King of Old School said:
Despite the umpteen number of times WW have referred to the new World of Darkness as a "toolkit for horror?" Oh dear, your bias is showing.

If we restrict the discussion purely to the corebook that would be true - albeit a toolkit missing most of the tools you might need. If you include any fatsplats it is no longer true in the same way that GURPS is a Toolkit but Transhuman Space is not.
 

GRIMJIM said:
Any bad guy Mages you now create, or any who don't subscribe to conventional Judeo-Christian morality, be they even something so closely related to that mindset as islamic, will now be penalised. Is not the bargain with darkness for power a far more universal magical theme than Atlantis? Whether Faust or Loa or 'the dark side of the force' stories of evil magicians abound. This cripples them.
Low morality only penalizes a mage when it comes to paradox. And smart mages avoid getting paradox.

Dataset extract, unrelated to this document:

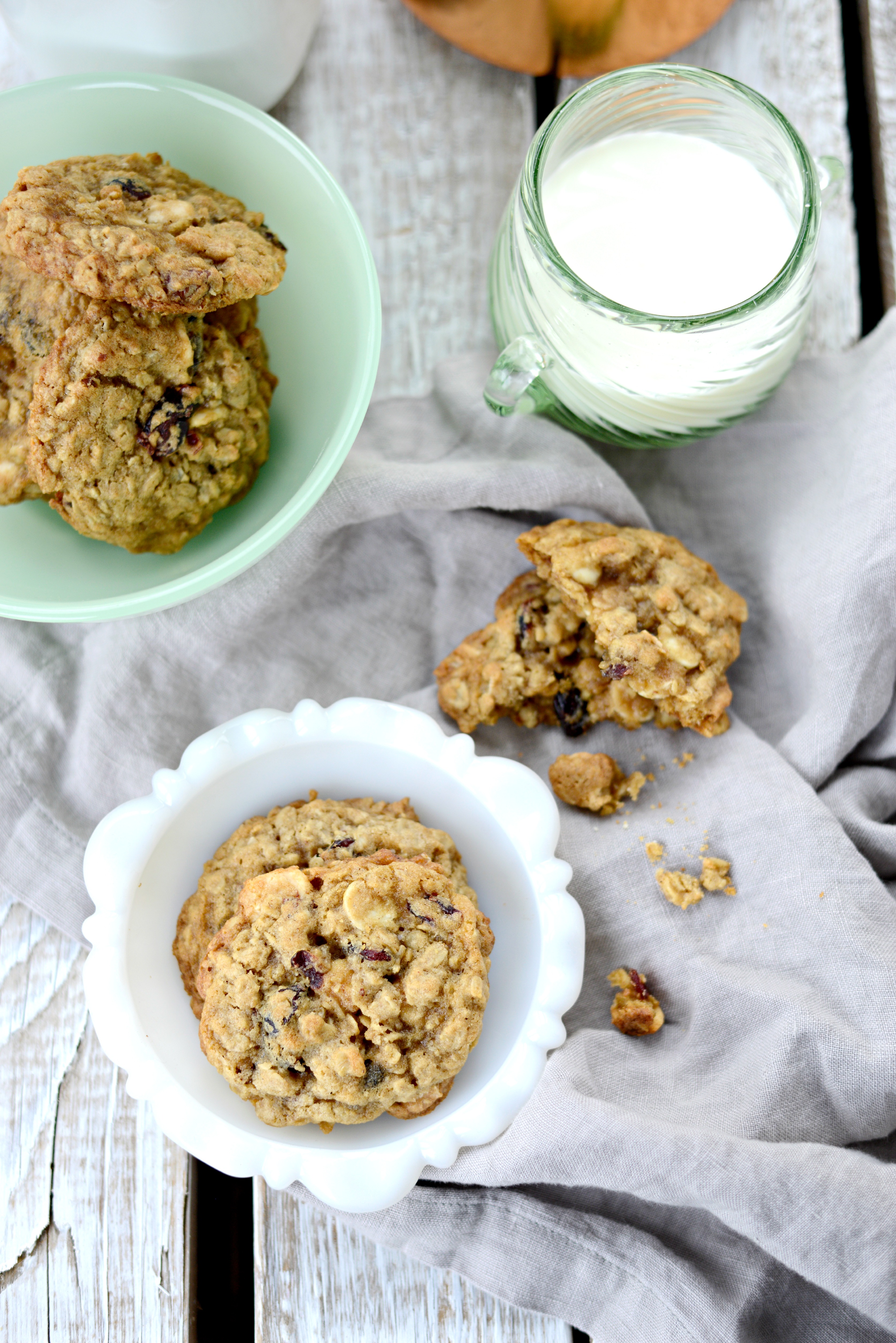Truth: I was never a fan of warm cookies as a kid, but then again I also had to drank orange juice with my cookies (don’t even ask). But oh how the times have changed. I still like my cookies the next day when the chocolate chips have hardened back up, but I really, REALLY like a warm gooey cookie. These cranberry white chocolate oatmeal cookies are dreamboats that didn’t disappoint, cookies rarely do.

Second of all Muslims don't normally kill, rape or steal, how is having an islamic mindset going to be any different? In fact killing, raping and stealing is against most forms of morality. The only thing that is so-called judeo-christian in the game is the 7 virtues and vices. Using magic however is something that's against christian morality, and considered to be a grave sin.

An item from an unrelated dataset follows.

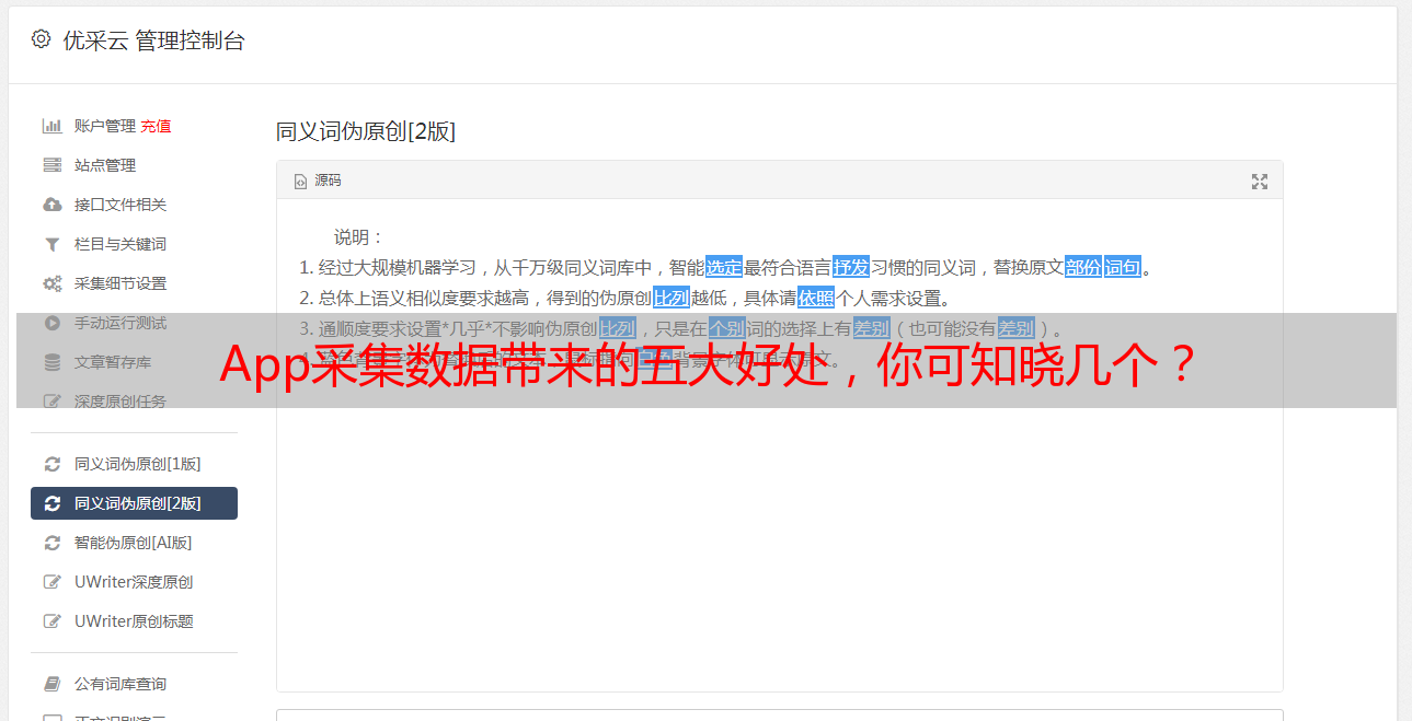 优采云 发布时间: 2023-03-01 23:14在今天的数字化时代,数据已成为企业和个人不可或缺的重要资源,而如何有效地采集数据成为了一个很大的难题。而现在,我们可以通过App采集数据来解决这个问题。下面,我们来一起探讨一下App采集数据的五大优点。
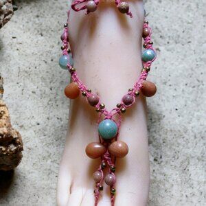 Unique pair of handmade barefoot sandals made with red and green aventurine gemstone beads. These sandals are made with red dyed hemp and have braided toe loops and ankle ties for added durability. They have 8" long back ties that can be knotted behind the ankle. One size fits most teens and adults.

Thirdly a lot of the game does use Gnosticism as a basis. And Gnosticism existed in Greece before christianity, though it was later changed by it.
 

Arguing with one of the developers about the game he's working on, and going on and on about how much it sucks to his face is outright offensive and rude.
 

GRIMJIM

First Post
Kobold Avenger said:
Low morality only penalizes a mage when it comes to paradox. And smart mages avoid getting paradox.

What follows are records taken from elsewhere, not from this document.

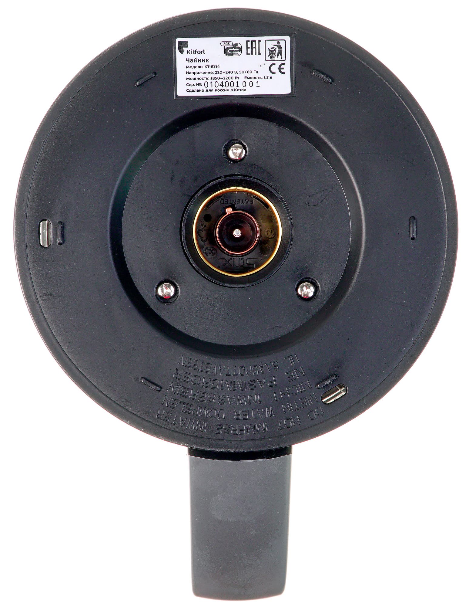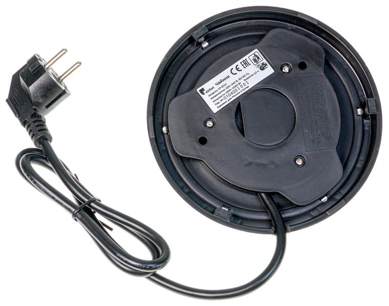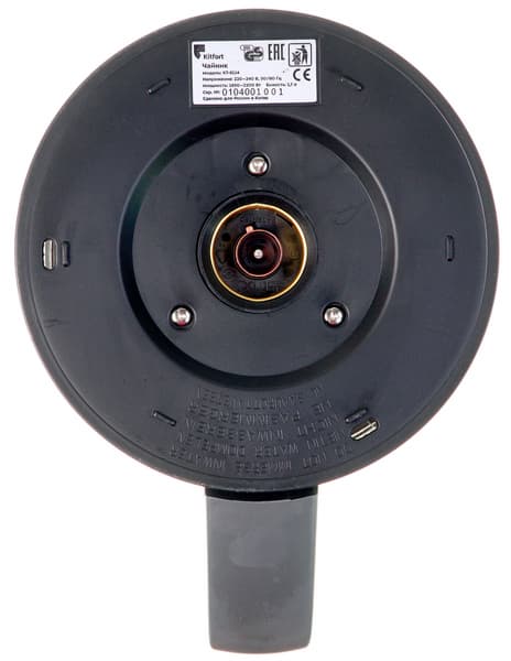 На нижней стороне чайника можно увидеть круглую контактную группу, позволяющую свободно вращать чайник на базе. Можео также разглядеть, что чайник оснащён контроллером Strix.
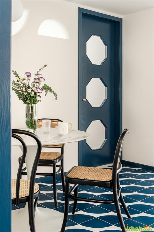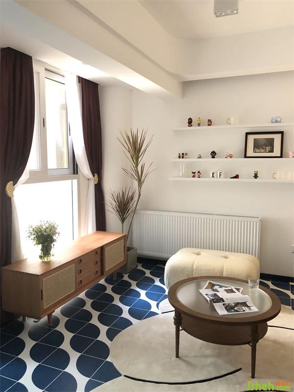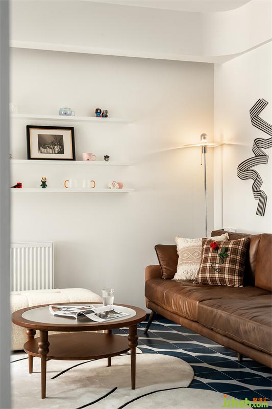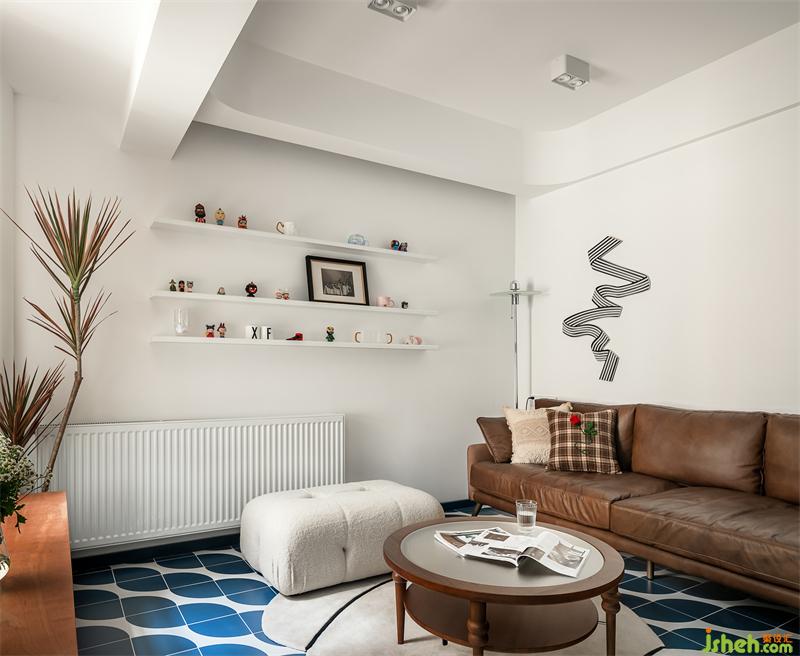 客廳地面貼了幾何形狀的地磚,讓空間更有動感。一進門就能看到的墻面上做了層板架,放置主人從各地收羅來的紀(jì)念品和公仔,打破了傳統(tǒng)的“沙發(fā)背景”和“電視背景”的背景墻模式。
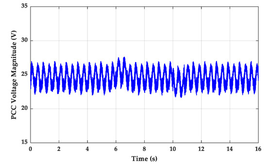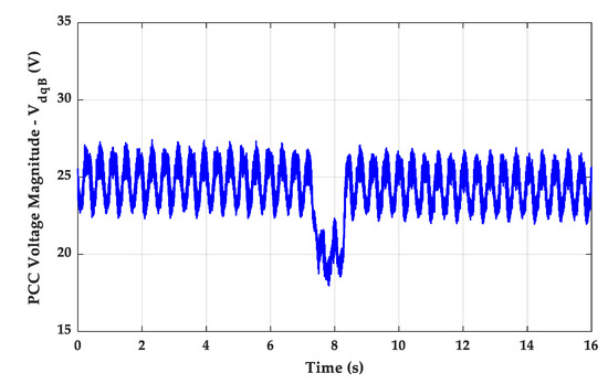 In Experiment 2, a grid-originated voltage disturbance is studied. In particular, a sudden grid-side voltage drop is introduced at approximately t = 7 s into the experiment. The main aim is to evaluate the outer-loop ac voltage controllers’ performance in terms of effectively regulating the PCC voltage at the desired steady-state value and the PLLs capability to maintain synchronism with the utility.

Your morality score in Awakening is also affected by how you perform Magic, artificially hardwiring a judgement on how you do magic and rewarding 'good' behaviour tied into a morality system rather than letting the nature of the magic itself determine that. Its too tied up and it penalises the 'bad guys' fairly strongly.

Kobold Avenger said:
Second of all Muslims don't normally kill, rape or steal, how is having an islamic mindset going to be any different? In fact killing, raping and stealing is against most forms of morality. The only thing that is so-called judeo-christian in the game is the 7 virtues and vices. Using magic however is something that's against christian morality, and considered to be a grave sin.

Well in that case given the Judeo-Christian set of the morality system they should all be slapped around more whenever anyone uses any magic.

Islam was just a pull out of the air example of a prevalent morality with some differences that was close enough to Judeo-Christian to show even small differences can have a fairly drastic effect. If you prefer use Christian Scientists and the question of blood transfusions, scientologists and psychiatric medicine, atheists or any number of political or social ideologies you care to mention. The hierarchy of sins is pretty strict in the game and fairly tight, it takes some poking with spoons to make it more usable.